Para ello, para hacer del arte rescoldo reaccionario donde nadan populismos varios en el caldo de cultivo que supone el propio malestar, la fuente de Duchamp –en tanto que obra que aglutina a los intentos de las vanguardias– es encumbrada, y no sin razón, en obra bisagra que separa no ya regímenes artísticos –como pudieran ser el Barroco o el Clasicismo– sino algo más importante: las propias estrategias artísticas dignas de ser entendidas como “arte”.
Y ahí radica el asunto: en que las vanguardias fracasaron de un modo tan paradójico que las hace alargar su sombra hasta el momento actual, comprendiéndose la historia del arte del siglo XX como una trama donde la onda expansiva de la Fuente tan pronto se hace oír con furia desbocada como que, al instante siguiente, es reducida a poco más que un fetiche. De este modo, sea lo que sea el arte en la actualidad lo es en tanto que relación con el fracaso/éxito de las vanguardias, cuyo delegado más locuaz sigue siendo la Fuente de Duchamp.
Cómo ya hemos apuntado, dicha obra no aparece para inaugurar un nuevo ciclo histórico del arte que engrose la lista de una historia del arte normativa y lineal. No. La Fuente fue –es– un atentado en la base de flotamiento del propio Arte, la aparición de una pregunta novedosa que crea un antagonismo dentro de la hasta entonces esfera autónoma –y como tal más o menos consensuada– del Arte: ¿es arte o no lo es? Enfrentándose a esta pregunta, la calma chicha del Arte desaparece para siempre: ya no es cuestión de belleza –¿es bello?, se preguntaba Kant para terminar de cincelar al sujeto en una comunidad homogénea de amigos ilustradados– ni cuestión de gustos. Ahora la esfera propia del arte queda delineada en una frontera difusa: la que separa a quienes dicen que sí de los que dijeron que no, la que separa, aludiendo aquí a las tesis de Schmitt, entre amigos y enemigos. En este sentido, Pardo señala que “Duchamp ‘creó’ la Fuente siguiendo en cierto modo el esquema que Schmitt y Jünger nos han recordado, es decir, como un soberano-fundador que se salta las reglas violentamente para dar origen a una nueva legislación, de acuerdo con la tradición revolucionaria”. Y ahí comienzan las “desgracias” del arte en su contemporaniedad. Unas “desgracias” que en Benjamin no se sospechaban pues aún se pensaba –pensaba él en 1937, año de la publicación de su obra El arte en la era de su reproductibilidad técnica– que la bomba de la Fuente –como punta de lanza de todas las vanguardias– terminaría explotando. 
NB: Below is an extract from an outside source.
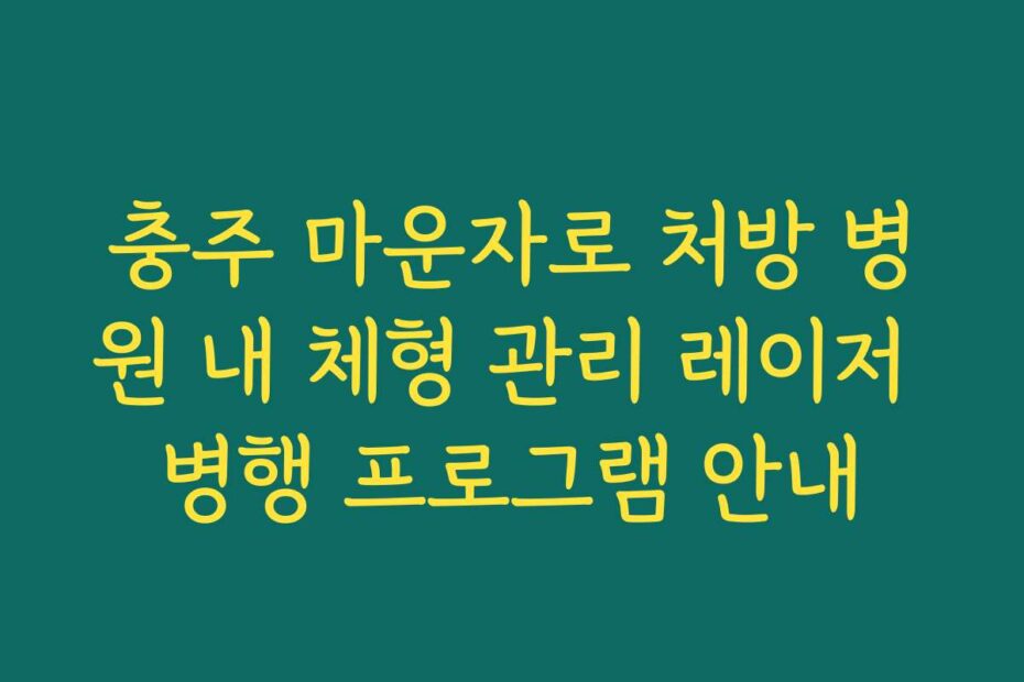 충주 마운자로 처방 병원 내 체형 관리 레이저 병행 프로그램 안내에 대한 궁금증이 많으시죠. 2026년 최신 정보를 통해 체형 관리에 필요한 모든 내용을 자세히 설명드릴게요. 이 글을 통해 필요한 정보가 한눈에 들어오실 겁니다.

José Luis Pardo en la presentación del ensayo en Madrid

A pesar de lo desencaminado de sus “profecías”, Benjamin fue quien más claramente delineó las posibilidades de triunfo de las vanguardias: la trasformación que la función del arte había sufrido a raíz de la reproducibilidad técnica de la imagen y el paso de un régimen cultual a uno meramente exhibitorio hacía necesario la implicación de la política para, ahora sí, devolver al arte a ese origen mítico de donde manaba –como de una fuente– la emancipación de la humanidad. Así pues, dos opciones señala el filósofo alemán: o estetización de la política o politización del arte. Es decir: o fascismo o comunismo. El régimen de autonomía del arte, su implicación apolítica como l’art pour l’art, debía ser eliminada debido a las nuevas condiciones de reproducción del arte. Pero es esa “eliminación del arte” lo que podía ser llevada a cabo de dos maneras: o como estetización de su propio acabamiento o como paso a una nueva etapa donde, una vez negada la autonomía, arte y política unan sus pasos para atibar una posible solución emancipatoria. “Su alienación –dice Benjamin, refiriéndose al ámbito autónomo del arte- ha llegado a tal grado que puede experimentar su propia destrucción como un placer estético del primer orden. Esta es la situación de la política que el fascismo está volviendo estética. El comunismo responde politizando el arte”.
Pero lo que realmente sucedió es que la politización del arte, al igual que la detonación que la Fuente prometía, se quedaron en tierra de nadie, en una espera diferida que si en algún momento hacía del arte la detentora de alguna promesa hoy por hoy, por el contrario, bien cabe decir que toda esperanza nace ya amputada debido al influjo cada vez más perfecto de una estetización que ha terminado por ahogar cualquier mundo de vida y, junto con ello, de una implementación ideológica que ha terminado por purgar cualquier afuera.
Y ahí estamos sumidos, en una revolución –fracasada– del arte que hace migas con una revolución –fracasada– de la política, y dándose la una a la otra lo que cada una por separada ya había perdido: “el arte y la política intercambiaban sus fundamentos: cada uno de ellos devolvía al otro la autenticidad que había perdido”. Es de esta guisa como nos plantamos en nuestro presente: un presente que continúa, tanto en cuestiones de arte como de política, enfrascado en el malestar generado por sendos fracasos y, más preocupante aún, trocando ambos momentos, confundiendo sus prerrogativas y yendo, aún más precipitadamente, la una a la otra en busca de un poco de auxilio. En esta situación, estamos abocados, en lo que concierne al arte, a un reguero de estrategias de subversión y resistencia política cuya única misión es cubrirle las espaldas a la propia Fuente no sea que, en algún momento de la historia, la bomba termine por explotar.
Pero además de esta situación un tanto agónica, hay que pensar que este “cubrirle las espaldas” no se da ya si no es con el beneplácito de la propia institución Arte que sabe muy bien que si la Fuente no consiguió en un primer momento lo que pretendía –eliminar la propia categoría de arte al diluirla dentro de la propia vida– es ya de todo punto imposible que ninguna otra obra lo consiga. Así, los museos y centros de arte se llenan de “bombas” sin mecha, de dispositivos políticos sin revolución alguna que llevarse a la boca, de artefactos que no se sabe muy bien si pernoctan en el pasado de unas vanguardias desconectadas de cualquier vis revolucionario o si vienen de un futuro aún por-venir. 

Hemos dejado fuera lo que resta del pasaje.